WHAT YOU WILL DO: Give again, word for word, every line in the entries below from the line with "Bao tay vải" up to and including the line with "Original 1975 Belter", and no other line.

EXTRACTED ENTRIES:
______
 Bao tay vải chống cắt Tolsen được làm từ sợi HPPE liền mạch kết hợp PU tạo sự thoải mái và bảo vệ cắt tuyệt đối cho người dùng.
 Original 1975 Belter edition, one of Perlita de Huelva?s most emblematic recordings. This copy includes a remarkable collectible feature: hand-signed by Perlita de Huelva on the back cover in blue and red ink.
______
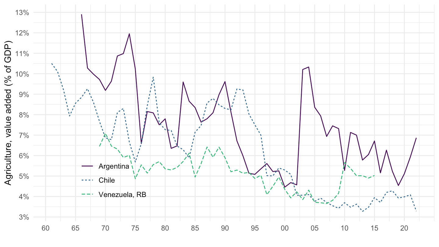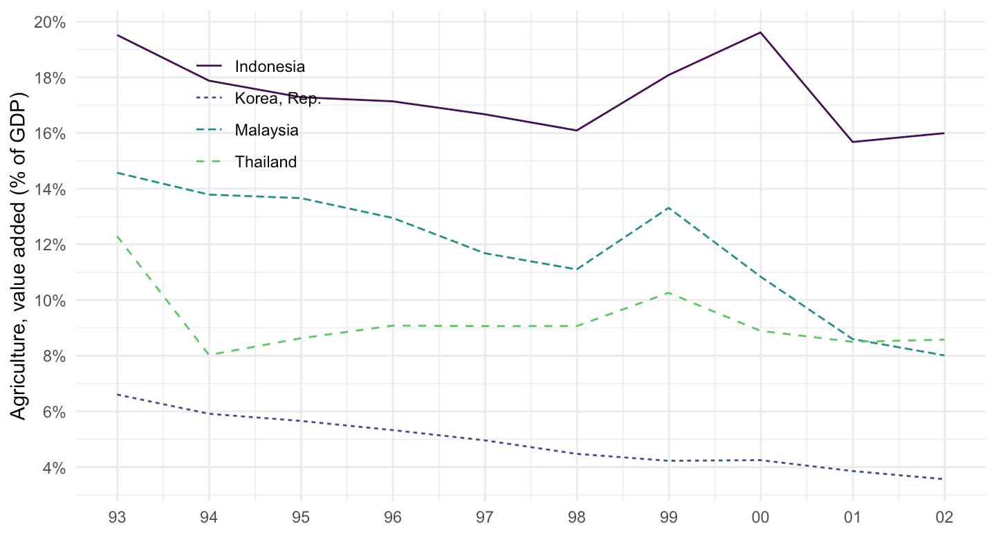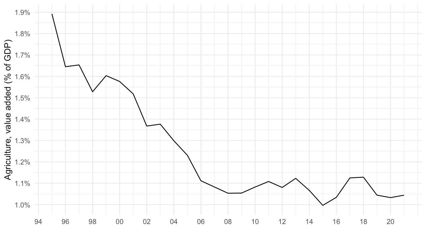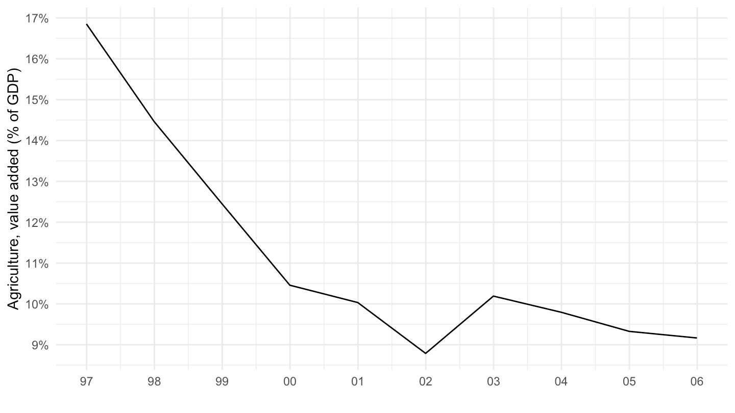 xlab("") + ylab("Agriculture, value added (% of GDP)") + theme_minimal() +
______
ANSWER BOX:
 Bao tay vải chống cắt Tolsen được làm từ sợi HPPE liền mạch kết hợp PU tạo sự thoải mái và bảo vệ cắt tuyệt đối cho người dùng.
 Original 1975 Belter edition, one of Perlita de Huelva?s most emblematic recordings. This copy includes a remarkable collectible feature: hand-signed by Perlita de Huelva on the back cover in blue and red ink.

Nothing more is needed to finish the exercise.